Driving Machine Learning Capability in an Organization

Driving a change in organizations is tough. Whenever any organization thinks about the change, it has to percolate through all the levels and across the departments. The Machine Learning (ML) has changed the way we look at traditional businesses. While many organizations have already adopted the machine learning for cost saving and revenue generation, there are still many organizations which have recently started. From my experience in data science field, here are some thoughts on driving a machine learning capability in organizations. 

Accepting that the ML and Artificial Intelligence is next big thing

Here are some predictions made about the future. Well, we all know what followed after.
1876: "The Americans have need of the telephone, but we do not. We have plenty of messenger boys." — William Preece, British Post Office
1946: "Television won't be able to hold on to any market it captures after the first six months. People will soon get tired of staring at a plywood box every night." — Darryl Zanuck, 20th Century Fox.
1995: "I predict the Internet will soon go spectacularly supernova and in 1996 catastrophically collapse." — Robert Metcalfe, founder of 3Com.
The first point I would suggest is, the sooner we accept that ML is next big thing, better we prepare ourselves for changes.

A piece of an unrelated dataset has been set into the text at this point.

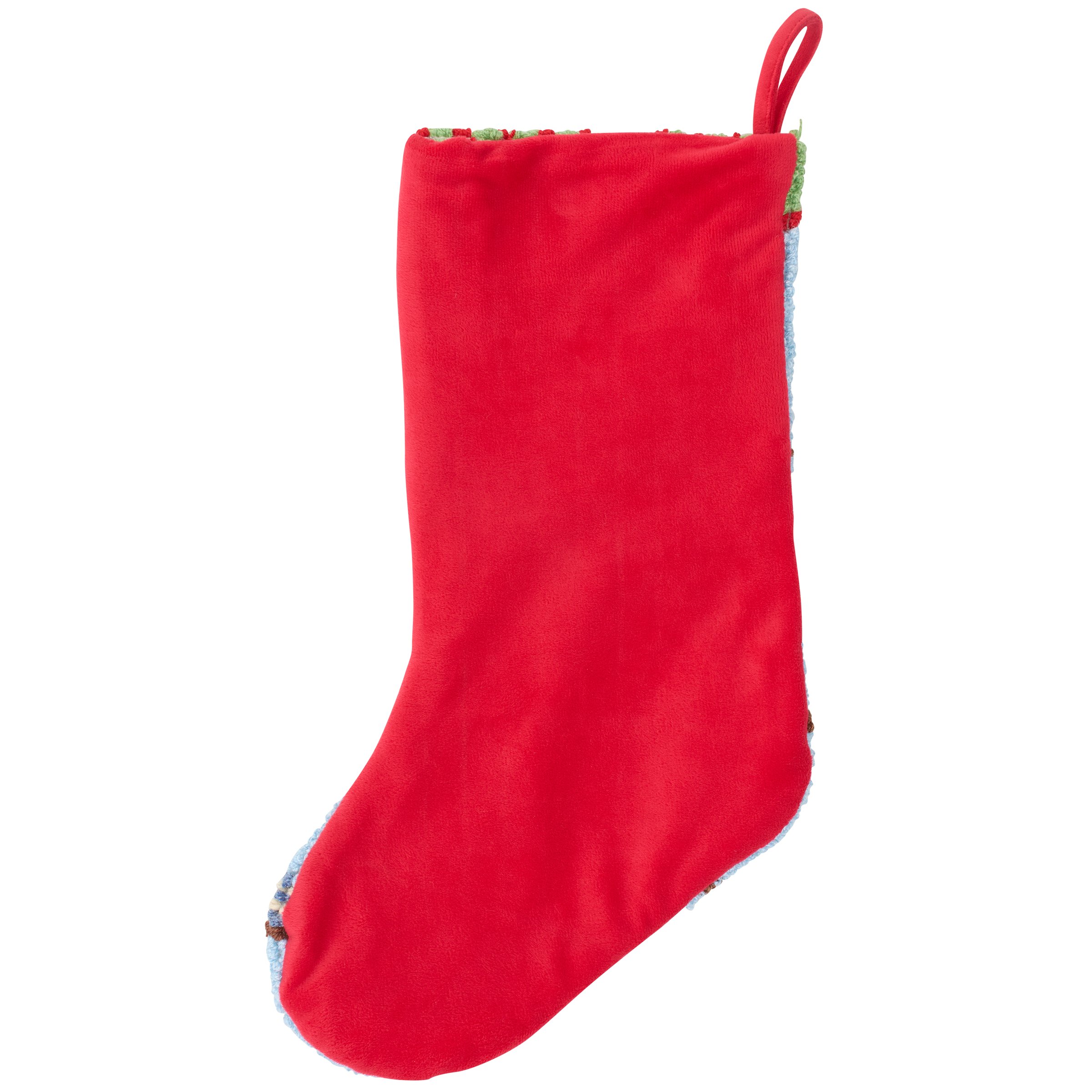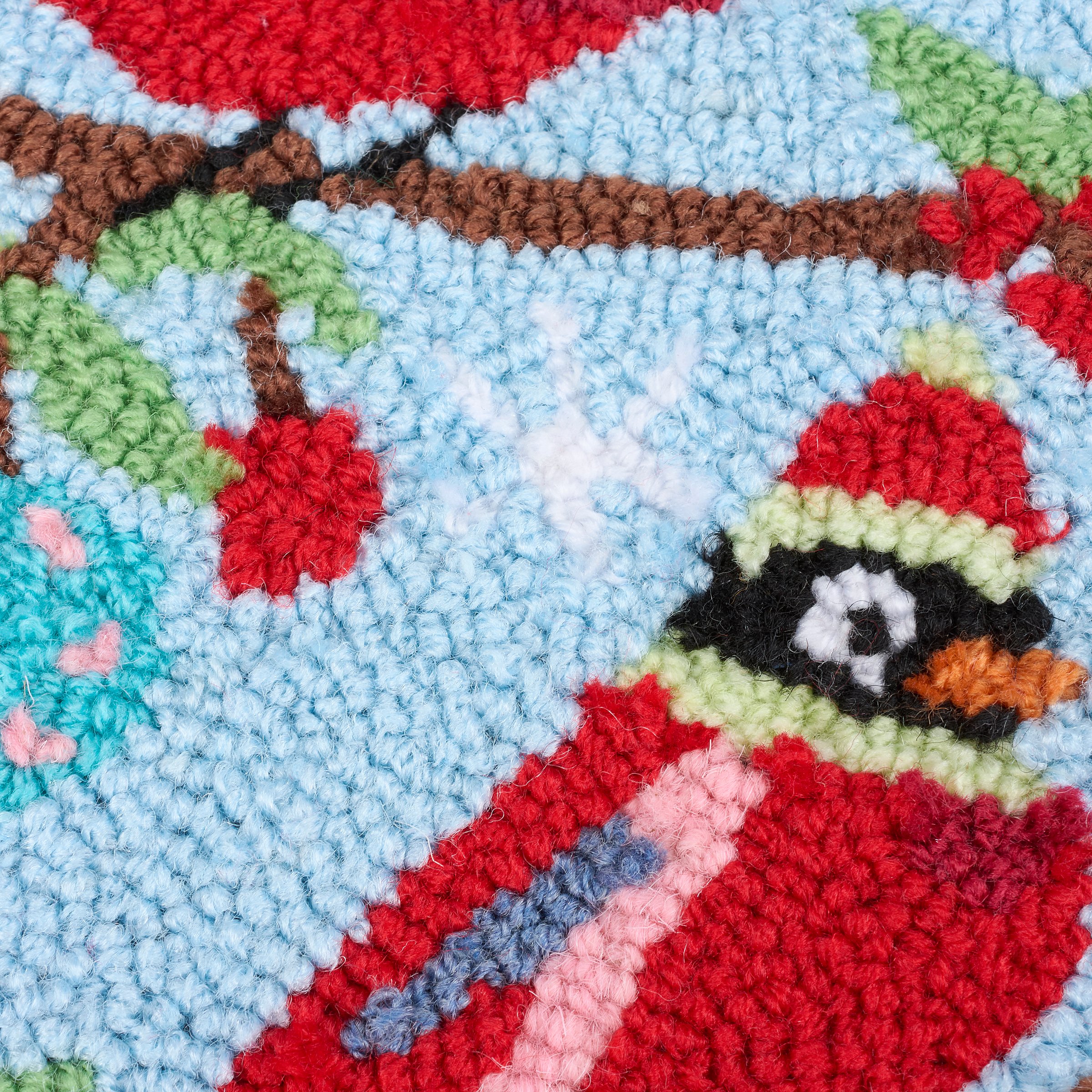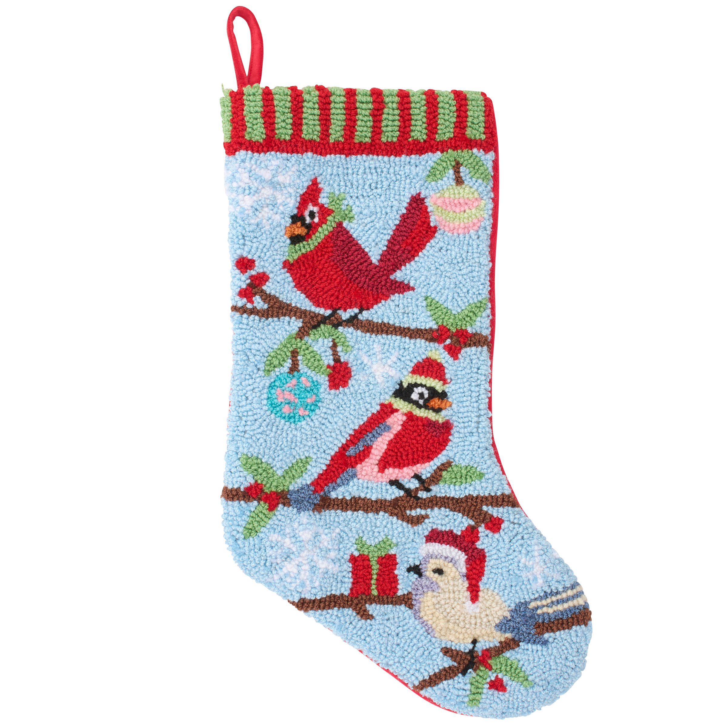A stocking from our Christmas Collection displaying a colorful scene of a cardinal family wearing winter outfits made in a hand-hooked style for added texture. Our Cardinal Family stocking is ready to hang via the loop attached to the top. A cardinal themed Christmas home accent perfect for seasonal decorating and holiday gifting.

Many large organizations have now understood the importance of ML. But the drive for this change has to be initiated at top management level. Now a days we have started listening in the news about ML taking our jobs. I feel that the fear and negativity associated with these things needs to be acted upon by arranging awareness sessions, helping employees to re-skill and also make use of their immense domain knowledge to drive this ML change.

Whoever has the data, is the king

ML algorithms are mainly driven by data. It is of utmost importance to have more and more correct data to run these algorithms effectively. The challenge in many industries like manufacturing and unlike finance, is that data is scattered and not stored in proper format most of the times. Collecting more data, enhancing the data storage, storing the data in a proper format and easy access to data will be the key to future. Installing sensors wherever possible and working on internet of things will eventually help companies to save costs in future and can create opportunities for revenue generations. Creating the system of better computational power would also be required implement the data science projects successfully. Now a days with advances in cloud technology, storing the data and building computational power is not at all costly.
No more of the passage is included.